Я снял с ноющего плеча автомат, вынул из седельного блока раздвижной походный столик и начал разбирать свой автомат, подробно поясняя Ирине, как он устроен и как функционирует. Она внимательно слушала и даже порывалась записывать, и только мой аргумент, что во время боя у нее не будет времени перечитать записи, остановил ее от этого.
Мы продолжали наш путь. Небо светлело. Между стволами колючих исполинов с приближением солнца пробуждалась жизнь дневная: начинали жужжать какие-то насекомые, чирикали первые птички — понятия не имею, как они зовутся и хорошо ли поют, но на Марсе такое в принципе услышишь не так часто, и я наслаждался. Где-то погавкивали церберы, а далеко-далеко, казалось, на самом крае земли, со стороны долины, в какой-то нереальной и жестокой стране тихим эхом слышались одинокие автоматные очереди и глухие удары взрывом: там погибали люди, и им казалось, что это правильно…
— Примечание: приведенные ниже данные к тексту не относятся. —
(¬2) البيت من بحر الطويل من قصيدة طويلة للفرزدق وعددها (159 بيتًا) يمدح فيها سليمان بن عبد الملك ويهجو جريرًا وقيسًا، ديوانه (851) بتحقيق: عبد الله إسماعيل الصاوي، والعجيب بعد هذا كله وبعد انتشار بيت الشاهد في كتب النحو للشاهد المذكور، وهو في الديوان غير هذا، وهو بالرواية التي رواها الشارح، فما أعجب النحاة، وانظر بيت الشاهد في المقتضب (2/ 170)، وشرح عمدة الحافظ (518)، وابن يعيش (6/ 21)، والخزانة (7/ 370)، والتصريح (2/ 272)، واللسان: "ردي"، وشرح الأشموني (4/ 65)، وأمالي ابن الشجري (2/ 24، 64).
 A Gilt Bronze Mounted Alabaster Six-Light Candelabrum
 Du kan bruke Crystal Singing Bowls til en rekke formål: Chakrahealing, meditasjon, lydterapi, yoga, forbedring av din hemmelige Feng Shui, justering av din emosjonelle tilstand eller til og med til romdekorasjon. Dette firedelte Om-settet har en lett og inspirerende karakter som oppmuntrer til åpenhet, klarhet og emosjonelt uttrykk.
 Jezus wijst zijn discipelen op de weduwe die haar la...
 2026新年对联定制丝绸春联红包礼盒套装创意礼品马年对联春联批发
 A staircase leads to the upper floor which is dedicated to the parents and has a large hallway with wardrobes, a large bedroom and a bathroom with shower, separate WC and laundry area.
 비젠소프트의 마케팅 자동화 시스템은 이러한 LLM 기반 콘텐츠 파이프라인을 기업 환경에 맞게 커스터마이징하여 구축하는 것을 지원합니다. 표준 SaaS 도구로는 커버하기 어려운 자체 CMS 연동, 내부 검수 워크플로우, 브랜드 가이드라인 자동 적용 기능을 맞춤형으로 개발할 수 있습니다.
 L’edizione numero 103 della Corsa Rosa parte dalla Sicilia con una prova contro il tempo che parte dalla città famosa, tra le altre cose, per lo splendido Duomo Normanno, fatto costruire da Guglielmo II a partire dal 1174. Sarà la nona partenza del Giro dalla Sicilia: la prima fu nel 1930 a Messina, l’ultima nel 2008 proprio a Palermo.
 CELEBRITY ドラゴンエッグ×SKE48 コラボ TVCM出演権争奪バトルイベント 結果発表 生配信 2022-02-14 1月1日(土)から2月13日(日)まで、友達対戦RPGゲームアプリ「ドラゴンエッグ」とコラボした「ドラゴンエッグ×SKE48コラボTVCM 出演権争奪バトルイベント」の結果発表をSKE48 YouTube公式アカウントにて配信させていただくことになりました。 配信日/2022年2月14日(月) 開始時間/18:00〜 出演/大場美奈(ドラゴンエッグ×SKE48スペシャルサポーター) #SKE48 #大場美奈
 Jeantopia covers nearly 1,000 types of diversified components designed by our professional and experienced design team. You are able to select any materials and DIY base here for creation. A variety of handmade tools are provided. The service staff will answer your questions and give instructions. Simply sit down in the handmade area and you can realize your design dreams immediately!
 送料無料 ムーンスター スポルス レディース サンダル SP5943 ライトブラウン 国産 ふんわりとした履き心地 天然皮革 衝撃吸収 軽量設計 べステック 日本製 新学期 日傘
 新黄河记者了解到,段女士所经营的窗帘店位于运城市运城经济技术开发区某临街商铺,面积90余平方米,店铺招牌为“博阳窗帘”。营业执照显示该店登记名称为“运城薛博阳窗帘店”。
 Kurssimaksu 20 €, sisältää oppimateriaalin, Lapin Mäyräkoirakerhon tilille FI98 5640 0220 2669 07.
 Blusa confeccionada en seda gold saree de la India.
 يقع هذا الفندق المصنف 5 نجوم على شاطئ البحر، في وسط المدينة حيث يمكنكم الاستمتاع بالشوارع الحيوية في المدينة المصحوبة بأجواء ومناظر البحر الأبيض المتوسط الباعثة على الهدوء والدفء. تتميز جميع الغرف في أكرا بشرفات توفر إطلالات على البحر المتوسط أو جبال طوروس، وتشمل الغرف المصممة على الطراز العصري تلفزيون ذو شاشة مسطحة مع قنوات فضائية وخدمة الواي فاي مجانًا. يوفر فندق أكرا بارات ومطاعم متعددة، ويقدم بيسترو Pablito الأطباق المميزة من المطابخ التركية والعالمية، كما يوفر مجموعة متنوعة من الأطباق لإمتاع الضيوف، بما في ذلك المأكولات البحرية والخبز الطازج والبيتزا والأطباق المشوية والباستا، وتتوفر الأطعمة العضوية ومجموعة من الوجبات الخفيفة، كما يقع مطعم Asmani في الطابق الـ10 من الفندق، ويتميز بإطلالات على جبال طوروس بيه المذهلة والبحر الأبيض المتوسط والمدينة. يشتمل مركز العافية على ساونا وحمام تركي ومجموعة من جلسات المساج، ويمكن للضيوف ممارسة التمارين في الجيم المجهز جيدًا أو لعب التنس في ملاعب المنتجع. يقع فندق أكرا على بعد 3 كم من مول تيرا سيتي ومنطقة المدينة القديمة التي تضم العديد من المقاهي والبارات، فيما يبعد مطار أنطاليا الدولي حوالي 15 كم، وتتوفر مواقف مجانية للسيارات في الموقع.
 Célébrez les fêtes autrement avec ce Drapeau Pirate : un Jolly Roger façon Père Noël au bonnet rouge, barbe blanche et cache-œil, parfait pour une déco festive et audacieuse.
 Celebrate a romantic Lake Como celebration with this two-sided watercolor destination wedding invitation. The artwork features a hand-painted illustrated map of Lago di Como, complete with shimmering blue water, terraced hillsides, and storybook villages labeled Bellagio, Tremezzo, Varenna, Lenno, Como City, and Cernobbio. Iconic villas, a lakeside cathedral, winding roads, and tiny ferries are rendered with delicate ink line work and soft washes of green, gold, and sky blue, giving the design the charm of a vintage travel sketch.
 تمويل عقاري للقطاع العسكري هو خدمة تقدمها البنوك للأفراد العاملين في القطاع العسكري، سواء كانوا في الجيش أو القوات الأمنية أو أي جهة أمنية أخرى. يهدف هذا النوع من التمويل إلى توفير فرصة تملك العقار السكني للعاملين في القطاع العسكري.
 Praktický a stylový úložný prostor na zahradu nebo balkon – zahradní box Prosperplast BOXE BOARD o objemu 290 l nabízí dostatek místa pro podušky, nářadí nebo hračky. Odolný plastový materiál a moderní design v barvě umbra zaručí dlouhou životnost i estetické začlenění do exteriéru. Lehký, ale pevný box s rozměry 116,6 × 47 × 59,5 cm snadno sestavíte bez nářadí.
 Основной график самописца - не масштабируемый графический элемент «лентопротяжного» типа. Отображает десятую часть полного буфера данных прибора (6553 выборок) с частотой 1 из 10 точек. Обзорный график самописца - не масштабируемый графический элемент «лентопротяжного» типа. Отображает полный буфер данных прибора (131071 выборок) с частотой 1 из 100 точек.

Все уже порядком подустали, и немудрено: мы спасались от глюка и зверья, приняли бой, были раненые, да вдобавок сделали почти двойной переход за одну ночь.
Солнце большим оранжевым шаром поднималось нам навстречу и слепило глаза. Датчики радиации принялись истерично трещать. Я приказал всем опустить нашлемные светофильтры. Лучше всех в группе выглядел Скорцес: беготню в лесу он пережил в отключке, легкие его укусы от так разрекламированных им же мышей-вампиров быстро прошли, а во время стрельбы на «Изумруде» он напоминал мне памятник, и, видно, он сам убедил себя в том, что любая пуля от него отскочит.